Death of the Speedway Supporters Club
When I was growing up, the son of a working class family I would finish up like most people spending most of my life watching other people do things. For most people life would have been working Monday to Friday 9-5 with Saturday as the only day of leisure. Remember back in the day you weren't allowed to buy tickets for sporting events on a Sunday. When Rye was a training track it ran half a dozen or so meetings a year and got around it by having the programme as entrance ticket which you would have to buy from outside the stadium.
As a youngster swimming and water polo was my one participating sport but my first love of watching sport was stock car racing. At school there were a few class mates that were speedway fans and I was persuaded to give speedway a go and was given a lift to Hackney Speedway on the back of a school mate's scooter. Anyway one week he had his scooter stolen from the stadium and he stopped going but I found myself still going on my own every week, I was hooked.
I joined the supporters club and started doing the away meetings. I was fortunate that the company I worked for allowed me to take my holidays in days. The football supporter tended to be tribal whereas speedway supporters were more like a village. For instance many of the fans that supported Hackney for instance would have gone to West Ham and Wimbledon as well and any rivalry would be good natured.

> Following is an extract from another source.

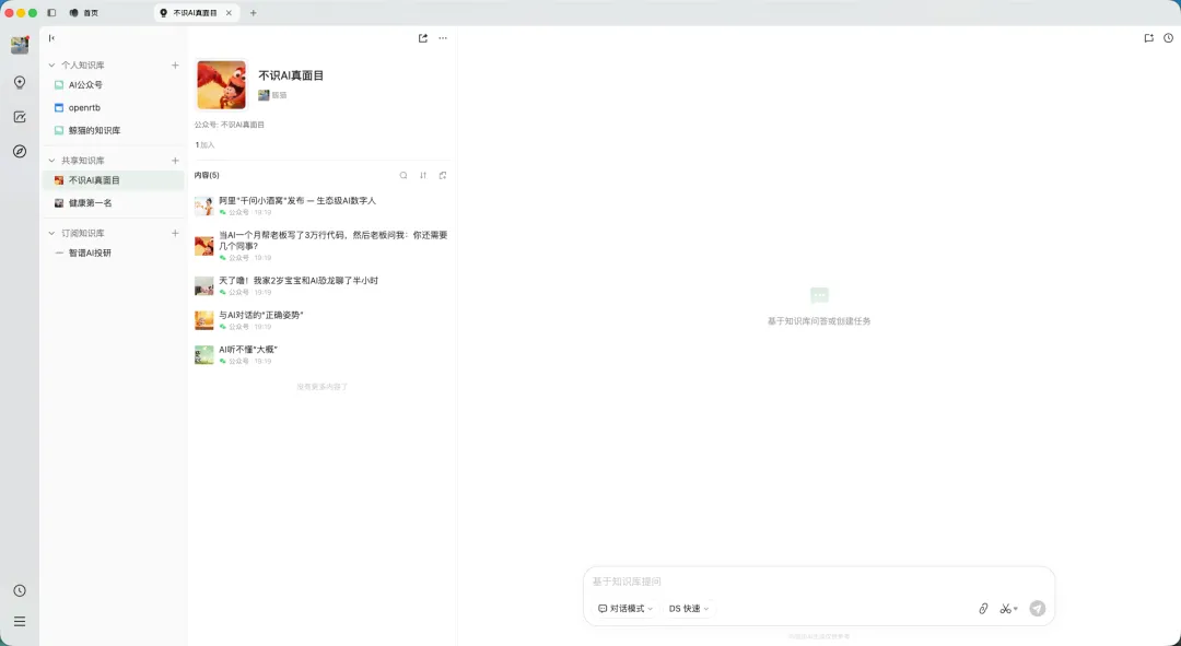 文章导入完成后,可以生成自己的知识库,结合大模型进行智能搜索:
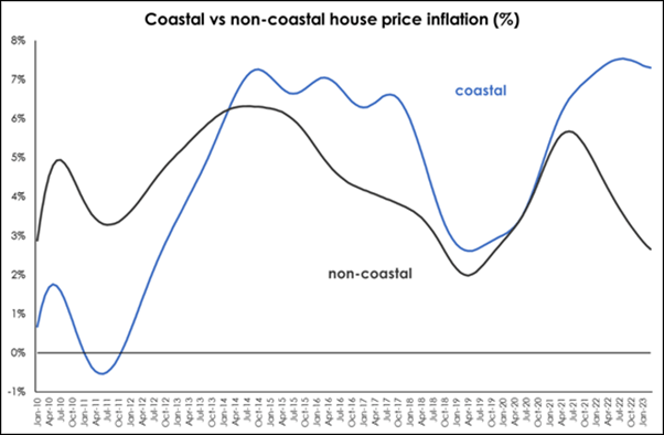 Notably, in the lower price band below R1 million, house price growth continued to gather meaningful momentum at +7.6% above year-earlier in June. Another standout statistic is the steady widening of the coastal price premium (within 5km of coastline) to +4.6% in Q1 2023. This is due to the fact that although the revised coastal house price inflation rate has clearly peaked, non-coastal HPI is losing momentum.

Snowy Beattie ran the supporters club and the only down side was he always left way too early, one year getting to Halifax in time to see the 2nd half of the football against Exeter City. The upside was if any London Football club was playing in the area we were going to Snowy would take in the football as well. My 1st match was Man City versus West Ham which finished up 4-3 so was spoilt for football because I thought all matches would be that entertaining. At the time West Ham had what I think was the 1st professional black player Clive Best.
At that time there would have been six 1st division Saturday tracks, Kings Lynn, Swindon, Cradley Heath, Halifax, Coventry & Belle Vue so got to go to quite a few football grounds including Man Utd. And talking of Manchester, when doing the BLRC (British League Riders Championship) at Belle Vue also known as the BBBF (Barry Briggs Benevolent Fund) as he won it 5 years on the trot, the best dressed coach would win a prize.
Besides organising the away trips and the usual fund raising activities, during the off season the club would have weekly social evenings at the stadium. The highlight of this was the formation of a speedway supporters darts league and would have consisted of a first and second division with most supporters clubs having two teams. You would have had Hackney, Crayford, Wimbledon, Rye House, White City, Haringey, West Ham and in later years even Canterbury and Milton Keynes ran for a year.
It was run on a speedway format, seven as side, the 13 heat format, with the double finish winner getting 3 points and the other 3 players having a straight 3 dart throw for 2nd and 3rd spots. Averages determined team order but there weren't any maximum team averages, guests or doubling up. I played for the Hackney 'B' team and managed to finish joint 2nd in the league averages of 8.80, I then signed for Haringey 'A' for 2 pints of beer and a packets of crisps but only managed a 5.5 average, I was said to be a bit of a John Jackson (Ellesmere Port). In fact darts turned out to be my '15 minutes of fame' as I managed to beat the world number 2 speedway rider that year Zenon Plech in a match between supporters and riders and also got to play Keith Deller who was world champion (didn't beat him though).
I also did most of the Crayford away trips especially the northern tours and like Hackney they would make them special days out like the time we went to Stoke taking in Alton Towers, I was driving the minibus and made the mistake of going on the Log Plume as the last ride, very uncomfortable driving in wet trousers.
Most of the friends I've made was through speedway, in fact the 4 friends I have now all were met through speedway including one I went to school with. In the 2000's I still did away trips but by car and ones I enjoyed the drive to was Newport, Stoke and Buxton. Trouble is to have a supporters club it's ideal to have a track to support.
This article was first published on 26th January 2019
"Great article on supporters clubs Steve. I, as well as you, don't remember the days, but the history books show that in 1949 Wembley Lions had a supporters club membership in excess of 60,000. Utterly unbelievable now in the days of 1-2,000 crowds alone. In fact are there any supporters clubs left? And what about the good old "war cry" days? 2-4-6-8 who do we appreciate? (insert your own clubs initials at this point).
Golden days indeed, never to return in reality, as the younger generation have so many more things to occupy them now. My two daughters, both in their 20's have visited the speedway with me many times over the years, both enjoy it, but both in truth can take it or leave it. The old days of being "hooked" I'm afraid are gone. All we have are memories - but brilliant ones at that. Nobody can take them away or replicate them. Hanging off the safety fence to see giants like Mauger, Briggs, Olsen, Penhall, Collins, Lee, etc will always be there."